8. Fragment Length Distribution
CUT&Tag inserts adapters on either side of chromatin particles in the vicinity of the tethered enzyme, although tagmentation within chromatin particles can also occur. So, CUT&Tag reactions targeting a histone modification predominantly results in fragments that are nucleosomal lengths (~180 bp), or multiples of that length. CUT&Tag targeting transcription factors predominantly produce nucleosome-sized fragments and variable amounts of shorter fragments, from neighbouring nucleosomes and the factor-bound site, respectively. Tagmentation of DNA on the surface of nucleosomes also occurs, and plotting fragment lengths with single-basepair resolution reveal a 10-bp sawtooth periodicity, which is typical of successful CUT&Tag experiments.

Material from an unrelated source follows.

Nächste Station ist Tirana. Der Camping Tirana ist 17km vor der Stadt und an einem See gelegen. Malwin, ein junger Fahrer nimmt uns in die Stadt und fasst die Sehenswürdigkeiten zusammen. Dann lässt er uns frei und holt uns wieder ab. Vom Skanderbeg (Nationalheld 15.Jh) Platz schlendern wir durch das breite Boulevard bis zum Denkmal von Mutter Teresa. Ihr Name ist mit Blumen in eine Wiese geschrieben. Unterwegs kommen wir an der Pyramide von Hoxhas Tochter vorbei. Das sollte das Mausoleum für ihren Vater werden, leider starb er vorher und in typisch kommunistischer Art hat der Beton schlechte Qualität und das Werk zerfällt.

NB: Experiments targeting transcription factors may produce different fragment distributions depending on factors beyond the scope of this article.
8.1. Heatmaps
Heatmaps for both genomic features and peaks are generated using deepTools. The parameters for the gene heatmap generation including kilobases to map before and after the gene body can be found with the prefix dt_heatmap_gene_*
. Similarly, the peak-based heatmap parameters can be found using dt_heatmap_peak_*
.
NB: These reports are generated outside of MultiQC
8.2. Upset Plots
Upset plots provide a different view on which sets of peaks are overlapping across different samples. Use in conjunction with the other peak-based QC metrics.

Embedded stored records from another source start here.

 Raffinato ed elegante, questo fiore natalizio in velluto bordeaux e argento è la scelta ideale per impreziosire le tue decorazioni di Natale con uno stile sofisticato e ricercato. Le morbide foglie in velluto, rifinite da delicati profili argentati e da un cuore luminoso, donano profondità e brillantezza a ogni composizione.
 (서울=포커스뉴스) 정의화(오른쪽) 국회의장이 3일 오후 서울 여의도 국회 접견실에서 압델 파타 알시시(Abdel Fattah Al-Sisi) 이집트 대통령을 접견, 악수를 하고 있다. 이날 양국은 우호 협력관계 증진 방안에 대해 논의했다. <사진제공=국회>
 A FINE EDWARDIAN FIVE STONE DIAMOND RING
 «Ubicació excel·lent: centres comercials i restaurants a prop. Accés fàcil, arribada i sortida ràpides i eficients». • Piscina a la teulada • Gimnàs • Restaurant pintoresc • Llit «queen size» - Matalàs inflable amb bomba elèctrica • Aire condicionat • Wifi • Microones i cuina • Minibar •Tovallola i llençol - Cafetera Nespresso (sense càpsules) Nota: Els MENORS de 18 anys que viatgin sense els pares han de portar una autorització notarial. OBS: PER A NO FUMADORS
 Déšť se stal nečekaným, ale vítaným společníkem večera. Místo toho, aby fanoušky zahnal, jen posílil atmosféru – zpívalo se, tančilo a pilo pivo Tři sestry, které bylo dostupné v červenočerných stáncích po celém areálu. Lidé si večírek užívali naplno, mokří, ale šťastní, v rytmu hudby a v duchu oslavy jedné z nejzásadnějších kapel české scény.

NB: These reports are generated outside of MultiQC
8.3. IGV
An IGV session file will be created at the end of the pipeline containing the normalised bigWig tracks, per-sample peaks, target genome fasta and annotation GTF. Once installed, open IGV, go to File > Open Session and select the igv_session.xml
file for loading.
NB: If you are not using an in-built genome provided by IGV you will need to load the annotation yourself e.g. in .gtf and/or .bed format.
9. Workflow reporting and genomes
9.1. Reference genome files
Output files
00_genome/target/
*.fa
: If the--save_reference
parameter is provided then all of the genome reference files will be placed in this directory.
00_genome/target/index/
bowtie2
: Directory containing target Bowtie2 indices.
00_genome/spikein/index/
bowtie2
: Directory containing spike-in Bowtie2 indices.

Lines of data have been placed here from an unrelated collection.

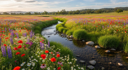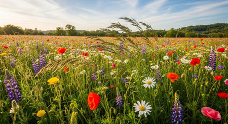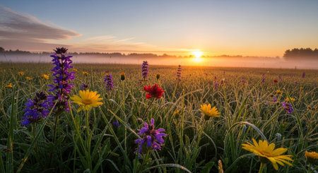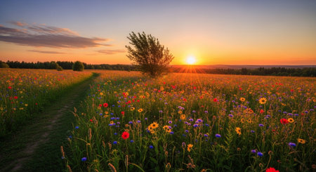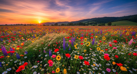 A vibrant meadow bathed in the golden light of sunset, showcasing a symphony of wildflowers and lush green grasses. The gentle sunlight creates a soft glow, illuminating the scene with a sense of tranquility and beauty.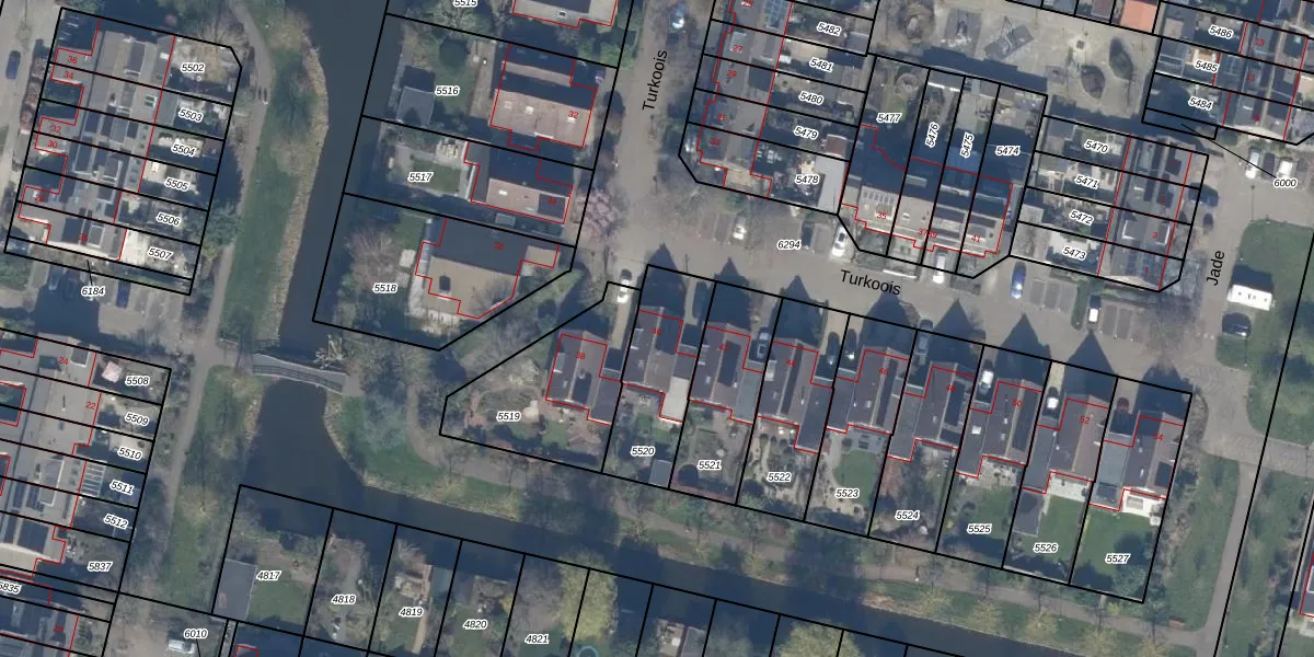 Het perceel waarop Turkoois 40 staat heeft een oppervlakte van 316 m². Dit is een groot perceel. De perceeloppervlakte wordt geregistreerd door het Kadaster. Gedetailleerde informatie over de maten van dit perceel kunt u vinden in het rapport Kadastrale kaart met maatvoering van Turkoois 40.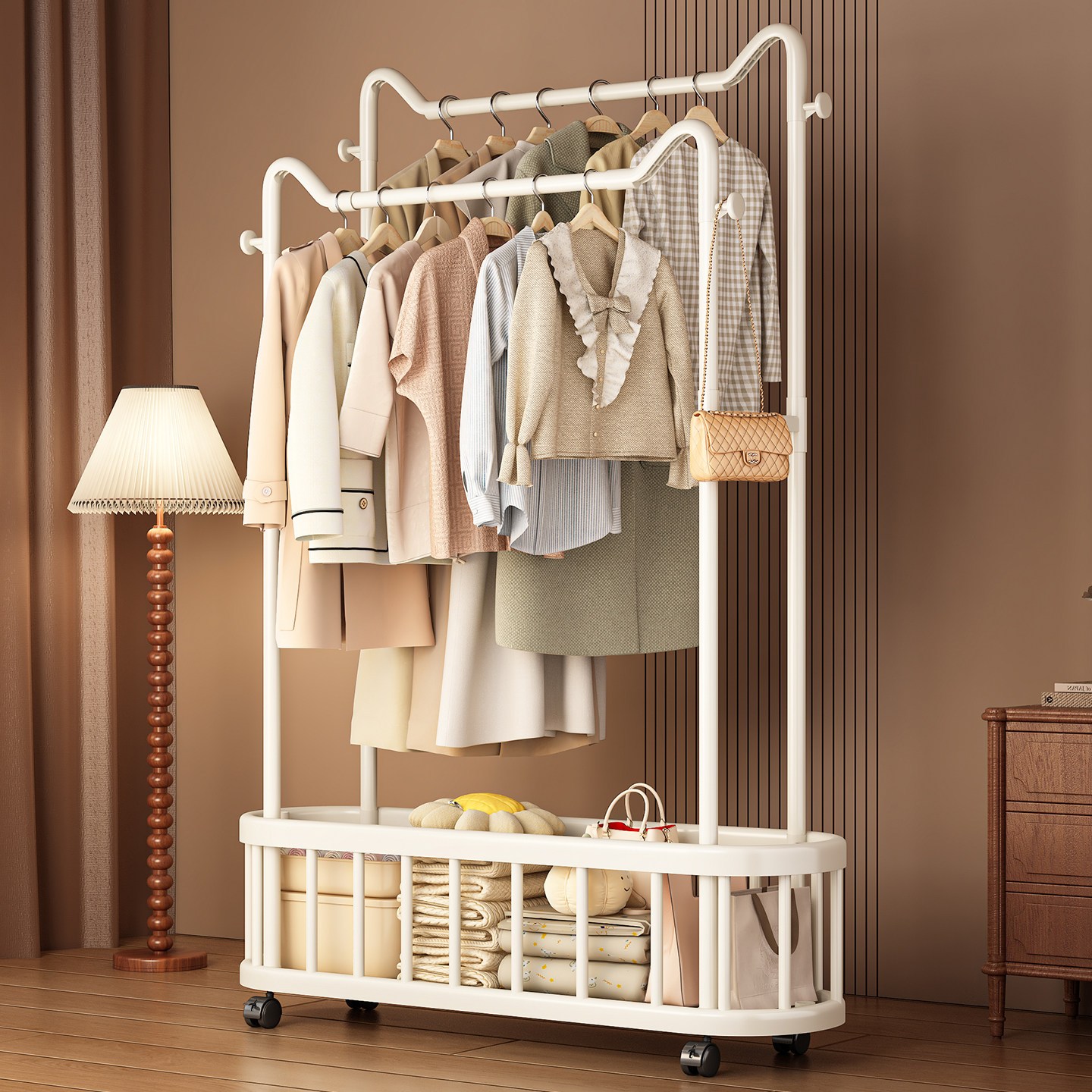 奶油风卧室落地衣架脏衣篓挂衣架家用铁艺衣服架客厅可移动衣帽架

A number of genome-specific files are generated by the pipeline because they are required for the downstream processing of the results. If the --save_reference
parameter is provided then these will be saved in the 00_genome/
directory. It is recommended to use the --save_reference
parameter if you are using the pipeline to build new indices so that you can save them somewhere locally. The index building step can be quite a time-consuming process and it permits their reuse for future runs of the pipeline to save disk space.
9.2. Pipeline information
Output files
pipeline_info/
- Reports generated by Nextflow:
execution_report.html
,execution_timeline.html
,execution_trace.txt
andpipeline_dag.dot
/pipeline_dag.svg
. - Reports generated by the pipeline:
pipeline_report.html
,pipeline_report.txt
andsoftware_versions.yml
. Thepipeline_report*
files will only be present if the--email
/--email_on_fail
parameter’s are used when running the pipeline. - Reformatted samplesheet files used as input to the pipeline:
samplesheet.valid.csv
.
- Reports generated by Nextflow:
Nextflow provides excellent functionality for generating various reports relevant to the running and execution of the pipeline. This will allow you to troubleshoot errors with the running of the pipeline, and also provide you with other information such as launch commands, run times and resource usage.